» **Data section**:
+-------+
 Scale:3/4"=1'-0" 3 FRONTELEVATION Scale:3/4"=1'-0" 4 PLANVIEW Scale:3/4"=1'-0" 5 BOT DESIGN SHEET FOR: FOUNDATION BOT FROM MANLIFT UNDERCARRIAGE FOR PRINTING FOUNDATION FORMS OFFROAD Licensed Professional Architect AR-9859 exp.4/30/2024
+-------+
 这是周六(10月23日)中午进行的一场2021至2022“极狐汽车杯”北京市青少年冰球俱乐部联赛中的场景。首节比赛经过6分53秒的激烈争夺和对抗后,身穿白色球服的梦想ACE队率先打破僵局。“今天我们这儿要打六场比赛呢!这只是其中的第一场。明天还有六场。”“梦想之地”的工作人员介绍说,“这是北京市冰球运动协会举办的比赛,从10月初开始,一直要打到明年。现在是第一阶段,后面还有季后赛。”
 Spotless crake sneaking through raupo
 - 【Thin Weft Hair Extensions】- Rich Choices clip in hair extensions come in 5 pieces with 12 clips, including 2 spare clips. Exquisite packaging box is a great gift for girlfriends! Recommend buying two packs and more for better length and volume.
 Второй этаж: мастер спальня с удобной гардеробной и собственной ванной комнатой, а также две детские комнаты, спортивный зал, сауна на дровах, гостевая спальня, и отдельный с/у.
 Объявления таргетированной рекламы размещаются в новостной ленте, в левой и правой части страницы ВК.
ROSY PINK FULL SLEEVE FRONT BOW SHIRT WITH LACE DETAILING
+-------+
» **Exercise**: The required output is every line above from the one with "Spotless crake sneaking through raupo" down to the one with "ROSY PINK FULL", restated word for word, ends included.

» **Response to this task**:
 Spotless crake sneaking through raupo
 - 【Thin Weft Hair Extensions】- Rich Choices clip in hair extensions come in 5 pieces with 12 clips, including 2 spare clips. Exquisite packaging box is a great gift for girlfriends! Recommend buying two packs and more for better length and volume.
 Второй этаж: мастер спальня с удобной гардеробной и собственной ванной комнатой, а также две детские комнаты, спортивный зал, сауна на дровах, гостевая спальня, и отдельный с/у.
 Объявления таргетированной рекламы размещаются в новостной ленте, в левой и правой части страницы ВК.
ROSY PINK FULL SLEEVE FRONT BOW SHIRT WITH LACE DETAILING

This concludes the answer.